GARGOYLISM (DYSOSTOSIS MULTIPLEX): TWO ADULT CASES WITH ONE AUTOPSY

Abstract

Two adult cases (ages 28 and 29 yrs.) of gargoyl-ism are added to the more than 100 reported cases, nearly all of whom have been children, 24 of which have been autopsied cases. These two adult cases conformed in general to the usual clinical picture of dwarfism, short trunk and neck, enlarged misshapen skull, low placed ears and a face with prominent forehead, protuberant temporal bones and short nose with depressed bridge and broad base. Of unusual interest in the two cases was a marked elongation and anterior "pocketing" of the sella turcica in roentgenograms of the skull. The hands were large and presented limitation of extension of the fingers; similar limitation was also present in elbow and knee joints.
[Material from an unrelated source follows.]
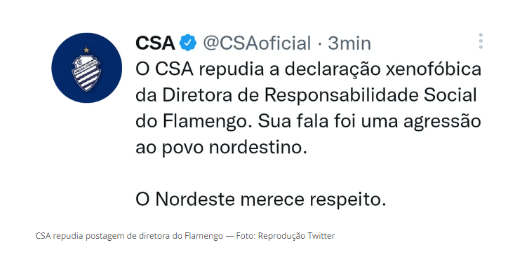 O CSA, segundo o ge-AL se manifestou na madrugada desta quarta em suas redes sociais sobre uma postagem da diretora de responsabilidade social do Flamengo, Angela Machado, em relação aos nordestinos. O clube de Alagoas considerou o post preconceituoso.

There were big liver and spleen and protuberant abdomen. The usual corneal haziness was absent in the 2 cases but one presented "inner ear" deafness. One was observed over 22 yrs. and at autopsy showed the characteristic, peculiar granules in scattered cells in nearly all organs, especially abundant in the liver, also present in the endocrine glands. A biopsy of the liver of the surviving patient showed similar granules which also stained with Best''s stain for glycogen. Chemical analysis of the liver for lipids showed normal or low values in all fractions. These and other patients with gargoylism gave histories of relatives with similar appearance who had died in childhood or adolescence. The disease is regarded as a heritable and congenital condition, attributable at least in part to defects in cartilagenous development which lead to dwarfism and the characteristic skeletal deformities. The basic defect is probably concerned with dysmetabolism of glycogen or an associated macromolecular substance. Histologic, histochemical and quantitative evidence is presented that the disease does not principally involve lipids.